Question: Let's suppose that science advanced to such a point as to allow man to become immortal (i.e., through genetics, cryogenics, or some other unforseen technology). Should the Objectivist try to imploy this technology? On one hand, man's ultimate value is life, yet on the other hand, Objectism holds that it is only the alternative of death that allows us to value. This seems to be a contradiction in Objectivism : If one becomes immortal, then one loses the concept of value, but if one shunns immortality, then one fails to achieve life.

How would you resolve this?

Answer: Objectivists would try to employ any technology that reliably allowed them to live longer, fuller lives. It is wonderful and life-affirming that the technology may soon exist to radically extend the human lifespan and render us more capable of healing disease and injury. However, none of this will ever, ever make us immortal.
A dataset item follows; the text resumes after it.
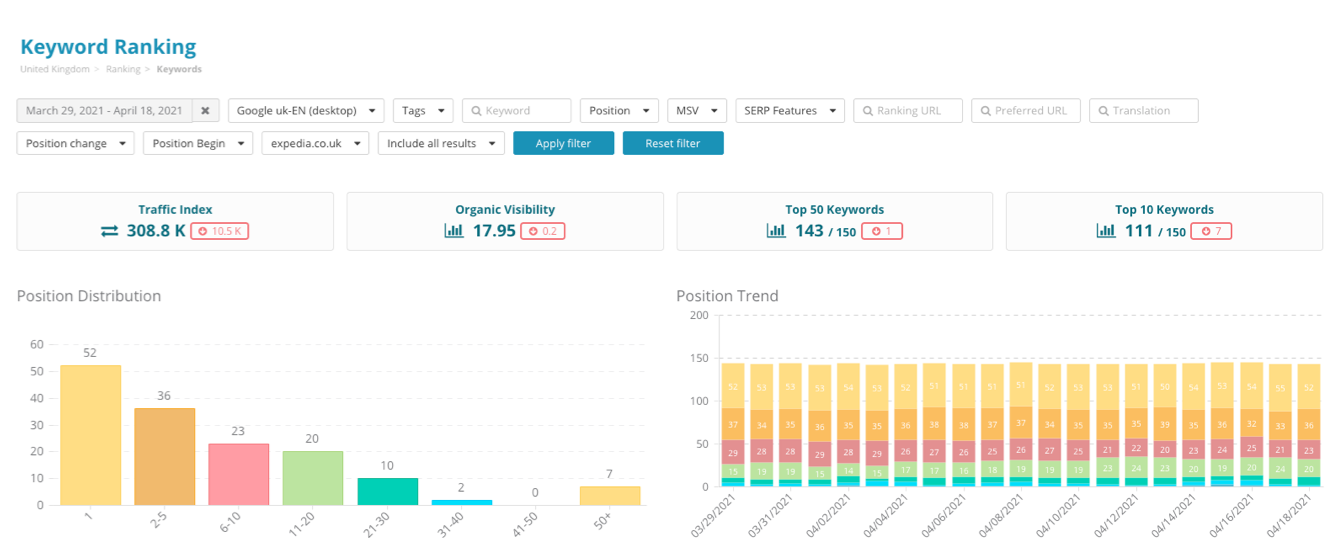 Below the filter, we’ve added charts showing how many keywords are ranking at position 1, positions 2-5, 6-10, etc.
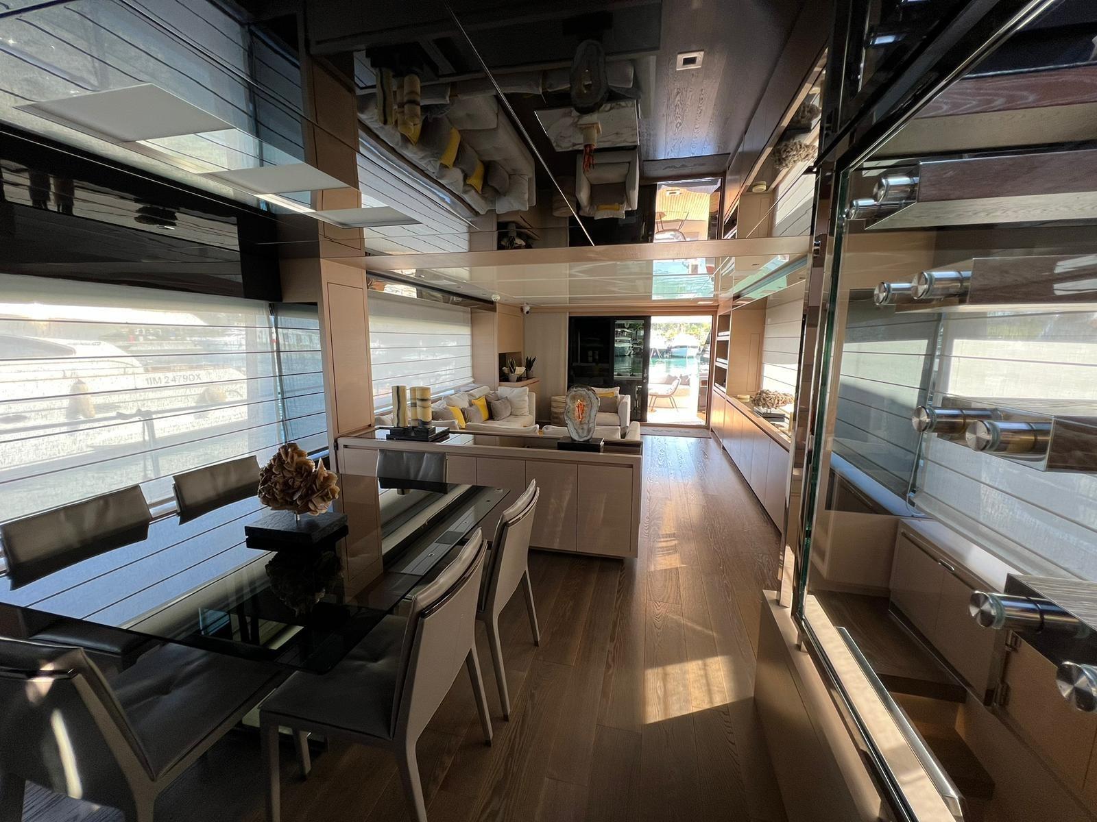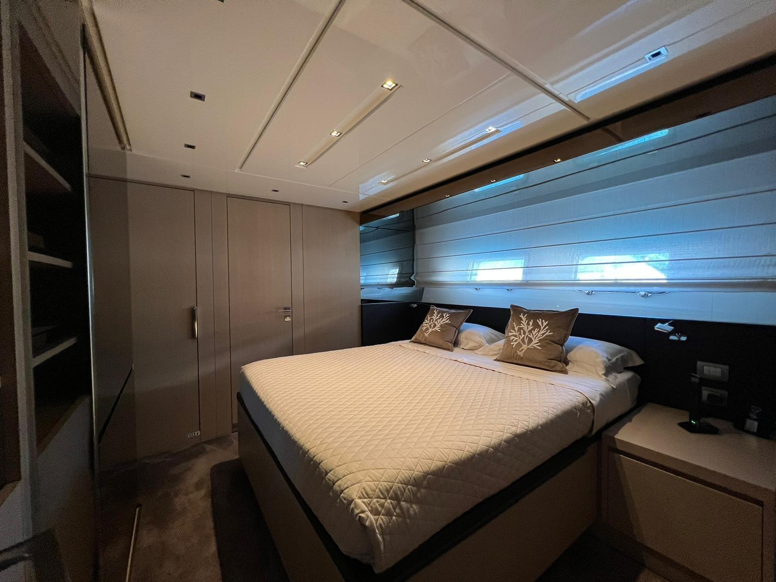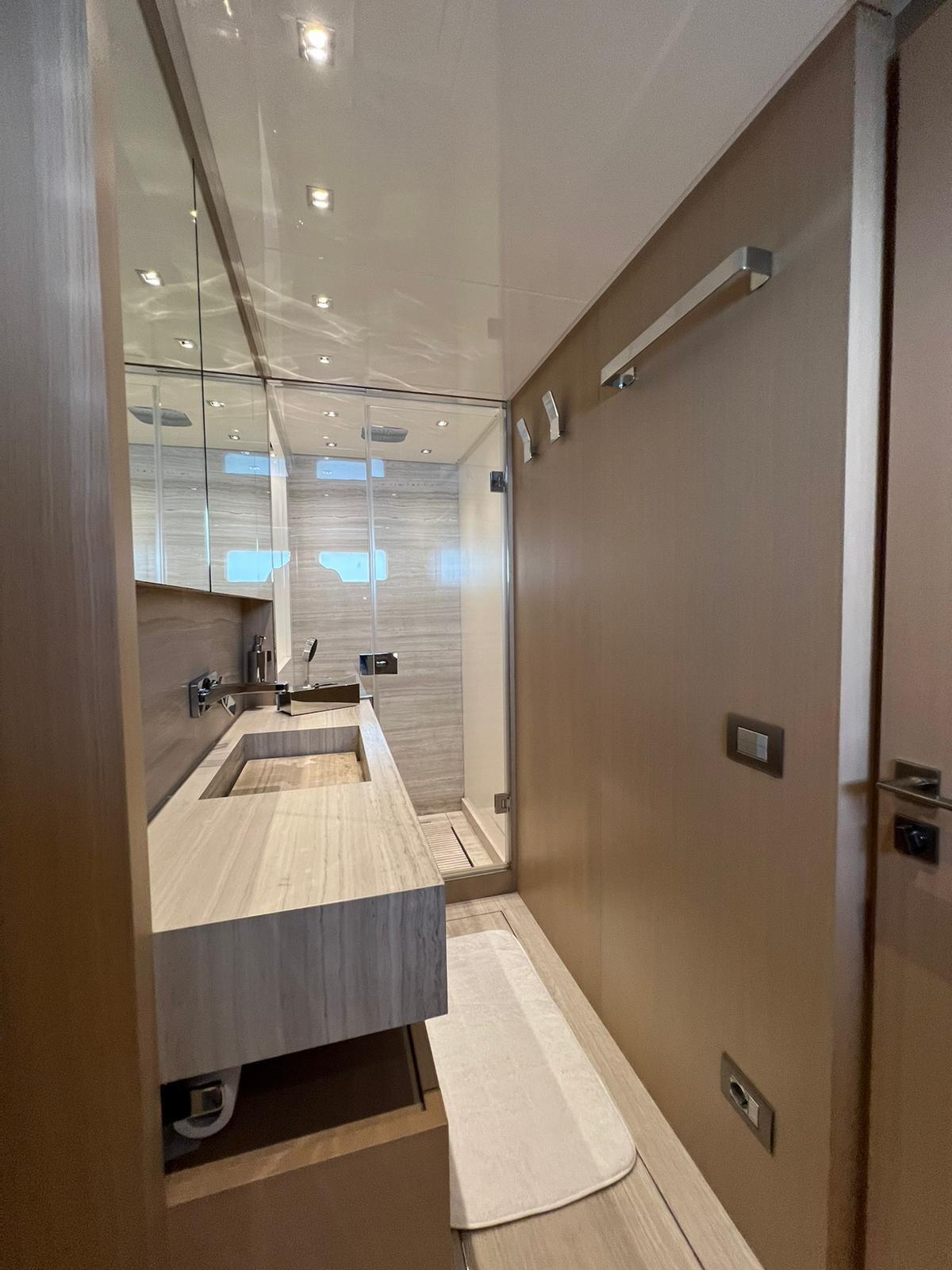 Eau Chaude, BBQ/ Grill (Fly), 2 Ballon d'eau chaude, Air Conditionné, Connexion à internet, Contrôleur domotique, Dessalinisateur (300 LT Ora Idromar), Cuve à eaux noires, Jauge de Réservoir d’Eau, Jauge de Réservoir d’Eaux Usées, Plancher intérieur en bois (Zona Dinette), Réservoir d'eau noire (400LT), Caméra vidéo (Garage, plancia, Salone, Poppa, Laterali,Fly), Interphone, Caméra infrarouge, Toilettes électriques.

Immortality in the sense that Ayn Rand considers it is the inability to die. It is not merely having an indefinite lifespan, but having to take no action in order to continue living. But it is not possible to maintain anything like the complexity of structure and organization that is a living thing, and have it require neither energy for its sustenance nor have it face dangers of some kind or other. Such a being would have to be able to think and move, yet be able to survive in the heart of a star. I don't see any reason to think that anything more organized than bare elements could do such a thing. I also do not know of anything in the universe that provides its own infinite power supply.
So I don't think any technology will ever produce the quandary you are worried about. So it is not a problem for the Objectivist ethics, and is not a contradiction between the Objectivist ethics and the facts. As a general methodological matter, just because someone can imagine a scenario does not mean it is a natural possibility that philosophy need be concerned with. Ayn Rand herself used examples of immortals sparingly and counterfactually, to try to shed light on what it is to be alive. Her point was that were one immortal, one would not need values. It was not that being immortal was really possible.